Tools: shell, file_read, content_search
Weak model for cost efficiency
Runs tests, analyzes failures, suggests fixes
Example: “Run mix test and report any failures”

defmodule Loom.Agents.Tester do
  use GenServer
  
  def verify(pid) do
    GenServer.call(pid, :verify, :infinity)
  end
  
  def handle_call(:verify, _from, state) do
    {:ok, result} = Loom.Agent.run(
      model: "anthropic:claude-haiku-4-5",
      tools: [:shell, :file_read, :content_search],
      system_prompt: "You are a tester agent. Run tests and analyze failures.",
      input: "Run all tests and report results",
      project_path: state.project_path
    )
    
    {:reply, {:ok, result}, state}
  end
end

Example Workflow

User request: “Refactor the session module”

Step 1: Lead Agent Decomposes Task

defmodule Loom.Session do
  def send_message(pid, "Refactor the session module") do
    # Lead agent analyzes request and spawns specialists
    {:ok, researcher_pid} = spawn_agent(:researcher)
    {:ok, architect_pid} = spawn_agent(:architect)
    {:ok, implementer_pid} = spawn_agent(:implementer)
    {:ok, tester_pid} = spawn_agent(:tester)
    
    # Research phase (parallel)
    tasks = [
      Task.async(fn -> Researcher.research(researcher_pid, "What does the session module do?") end),
      Task.async(fn -> Researcher.research(researcher_pid, "What tests exist for sessions?") end),
      Task.async(fn -> Researcher.research(researcher_pid, "What modules depend on Session?") end)
    ]
    
    research_results = Task.await_many(tasks, :infinity)
    
    # Planning phase
    plan = Architect.plan(architect_pid, """
    Refactor lib/loom/session/session.ex based on this research:
    #{inspect(research_results)}
    """)
    
    # Implementation phase
    result = Implementer.implement(implementer_pid, plan)
    
    # Verification phase
    test_result = Tester.verify(tester_pid)
    
    # Aggregate and respond
    {:ok, """
    Refactored session module:
    
    #{result}
    
    Tests: #{test_result}
    """}
  end
end

Step 2: Researcher Agents Explore in Parallel

[Researcher 1] Reading lib/loom/session/session.ex
[Researcher 2] Finding test files matching **/session*_test.exs
[Researcher 3] Searching for "Loom.Session" references

All three run concurrently. Each is a separate GenServer with its own LLM context.

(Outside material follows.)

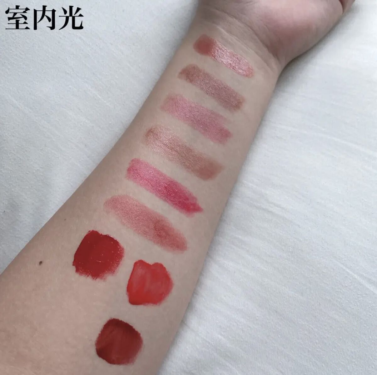 穏やかなローズピンク。華やかな透明感と血色感。ミニサイズで持ち歩きに便利◎ シアーな発色ながらも赤みが欲しい時に使いたい1本◎!リピ2本目◎ 無垢で愛らしいコーラルベージュ。プランプ効果(メイクアップ効果による)があり、ぷっくり&艶めく仕上がりが良き◎

Step 3: Architect Creates Plan

[Architect] Based on research:
- Session.ex is 671 lines (too large)
- Extract permission logic to Session.Permissions
- Extract tool execution to Session.ToolExecutor
- Keep core GenServer in Session

Step 4: Implementer Executes Plan

[Implementer] Creating lib/loom/session/permissions.ex
[Implementer] Creating lib/loom/session/tool_executor.ex
[Implementer] Editing lib/loom/session/session.ex
[Implementer] Running mix format

Step 5: Tester Verifies

[Tester] Running mix test
[Tester] All 226 tests passed
[Tester] Coverage: 94%

Step 6: Lead Agent Responds

Refactored the session module:

- Extracted permission checking to Session.Permissions
- Extracted tool dispatch to Session.ToolExecutor  
- Reduced Session.ex from 671 to 423 lines
- All tests passing

Shared State: The Decision Graph

All agents read and write to the same decision graph in SQLite. This provides:

Shared memory — All agents see the same goals, decisions, and outcomes
Coordination — Agents can check what others have decided
Persistence — The plan survives agent crashes
Visualization — LiveView renders the entire swarm’s reasoning in real-time

# Architect logs a decision
Loom.Decisions.Graph.add_node(%{
  node_type: :decision,
  title: "Extract permission logic to separate module",
  session_id: session_id,
  confidence: 85
})

# Implementer checks active decisions before making changes
active_decisions = Loom.Decisions.Graph.list_nodes(
  session_id: session_id,
  node_type: :decision,
  status: :active
)

Implementation Plan

Phase 1: Multi-Agent Infrastructure (Current)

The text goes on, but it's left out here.